Речи — страница 200 из 235

(XVII) И для того, чтобы собрать эти обвинения, ты, безрассуднейший человек, в течение стольких дней[2406] упражнялся в декламации, находясь в чужой усадьбе? Впрочем, как раз ты, как нередко поговаривают самые близкие твои приятели, декламируешь ради того, чтобы выдохнуть винные пары, а не для того, чтобы придать остроту своему уму. Но при этом ты, ради шутки, прибегаешь к помощи учителя, которого ты и твои друзья-пьянчужки голосованием своим признали ритором, которому ты позволил высказывать даже против тебя все, что захочет. Он, конечно, человек остроумный, но ведь и невелик труд отпускать шутки на твой счет и на счет твоего окружения. Взгляни, однако, каково различие между тобой и твоим дедом[2407]: он обдуманно высказывал то, что могло бы принести пользу делу; ты, не подумав, болтаешь о том, что никакого отношения к делу не имеет. (43) А сколько заплачено ритору! Слушайте, слушайте, отцы-сенаторы, и узнайте о ранах, нанесенных государству. Две тысячи югеров в Леонтинской области, притом свободные от обложения, предоставил ты ритору Сексту Клодию, чтобы за такую дорогую цену, за счет римского народа, научиться ничего не смыслить. Неужели, величайший наглец, также и это совершено на основании записей Цезаря? Но я буду в другом месте говорить о леонтинских и кампанских землях, которые Марк Антоний, изъяв их у государства, осквернил, разместив на них тяжко опозорившихся владельцев. Ибо теперь я, так как в ответ на его обвинения сказано уже достаточно, должен сказать несколько слов о нем самом; ведь он берется нас переделывать и исправлять. Всего я вам выкладывать не стану, дабы я, если мне еще не раз придется вступать в решительную борьбу, — как это и будет — всегда мог рассказать вам что-нибудь новенькое, а множество его пороков и проступков предоставляет мне эту возможность весьма щедро.

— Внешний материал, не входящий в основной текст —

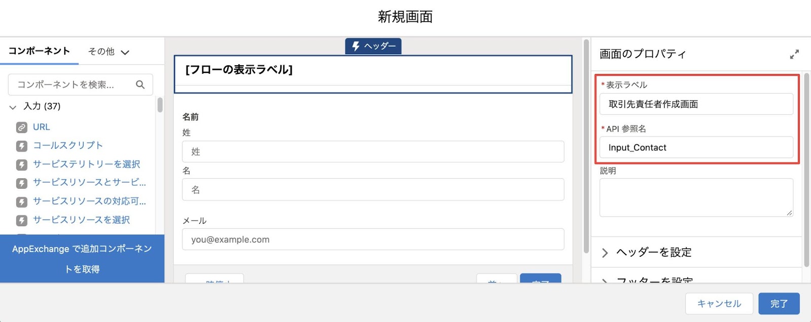 「ヘッダー」を選択し、画面のプロパティの表示ラベルに「取引先責任者作成画面」を、API参照名に「Input_Contact」を入力します
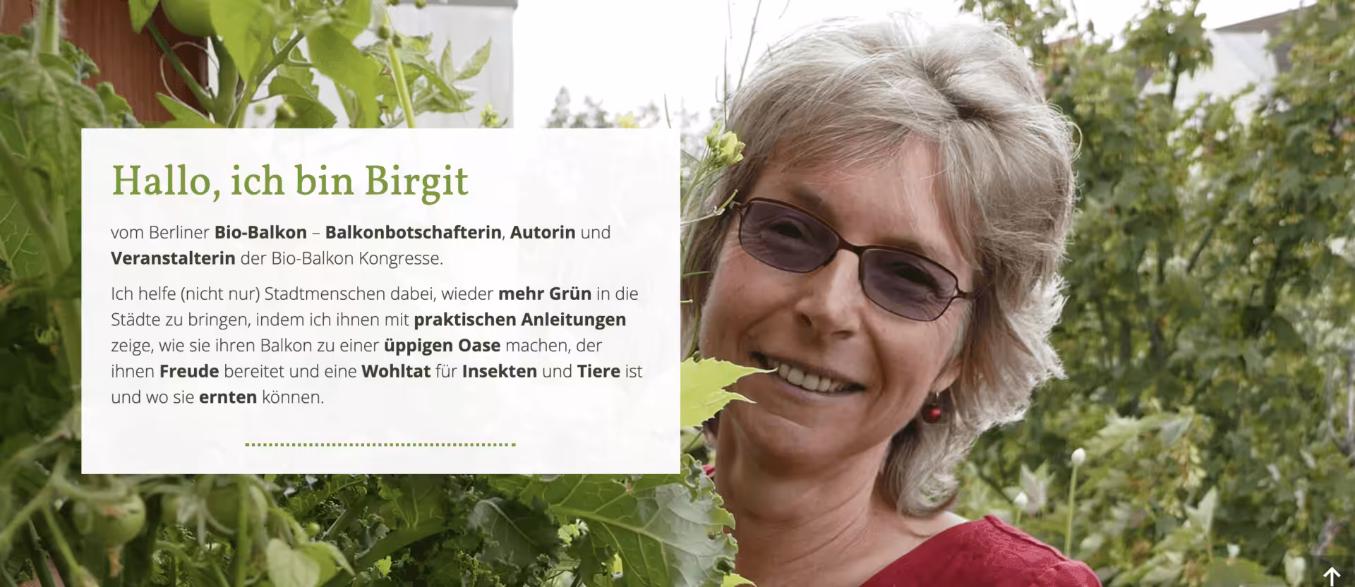 Hallo, ich bin Birgit vom Berliner Bio-Balkon – mehrfach preisgekrönte Balkonbotschafterin aus voller Überzeugung, Autorin und Veranstalterin der Bio-Balkon Kongresse, die jährlich im Frühjahr online und gratis im Internet stattfinden. Ich helfe (nicht nur) Stadtmenschen dabei, wieder mehr Grün in die Städte zu bringen, indem ich ihnen mit praktischen Anleitungen zeige, wie sie ihren Balkon zu einer üppigen Oase machen, der ihnen Freude bereitet, Gesundheit bringt und eine Wohltat für Insekten und Tiere ist und wo sie ernten können.

(XVIII, 44) Так не хочешь ли ты, чтобы мы рассмотрели твою жизнь с детских лет? Мне думается, будет лучше всего, если мы взглянем на нее с самого начала. Не помнишь ли ты, как, нося претексту[2408], ты промотал все, что у тебя было? Ты скажешь: это была вина отца. Согласен; ведь твое оправдание преисполнено сыновнего чувства. Но вот в чем твоя дерзость: ты уселся в одном из четырнадцати рядов, хотя, в силу Росциева закона[2409] для мотов назначено определенное место, даже если человек утратил свое имущество из-за превратности судьбы, а не из-за своей порочности. Потом ты надел мужскую тогу, которую ты тотчас же сменил на женскую. Сначала ты был шлюхой, доступной всем; плата за позор была определенной и не малой, но вскоре вмешался Курион, который отвлек тебя от ремесла шлюхи и — словно надел на тебя столу[2410] — вступил с тобой в постоянный и прочный брак. (45) Ни один мальчик, когда бы то ни было купленный для удовлетворения похоти, в такой степени не был во власти своего господина, в какой ты был во власти Куриона. Сколько раз его отец выталкивал тебя из своего дома! Сколько раз ставил он сторожей, чтобы ты не мог переступить его порога, когда ты все же, под покровом ночи, повинуясь голосу похоти, привлеченный платой, спускался через крышу![2411] Дольше терпеть такие гнусности дом этот не мог. Не правда ли, я говорю о вещах, мне прекрасно известных? Вспомни то время, когда Курион-отец лежал скорбя на своем ложе, а его сын, обливаясь слезами, бросившись мне в ноги, поручал тебя мне, просил меня замолвить за него слово отцу, если он попросит у отца 6 миллионов сестерциев; ибо сын, как он говорил, обязался заплатить за тебя эту сумму; сам он, горя любовью, утверждал, что он, не будучи в силах перенести тоску из-за разлуки с тобой, удалится в изгнание. (46) Какие большие несчастья этого блистательного семейства я в это время облегчил, вернее, отвратил! Отца я убедил долги сына заплатить, выкупить на средства семьи этого юношу, подающего надежды[2412], и, пользуясь правом и властью отца, запретить ему, не говорю уже — быть твоим приятелем, но с тобой даже видеться. Памятуя, что все это произошло благодаря мне, неужели ты, если бы не полагался на мечи тех, кого мы здесь видим, осмелился бы нападать на меня?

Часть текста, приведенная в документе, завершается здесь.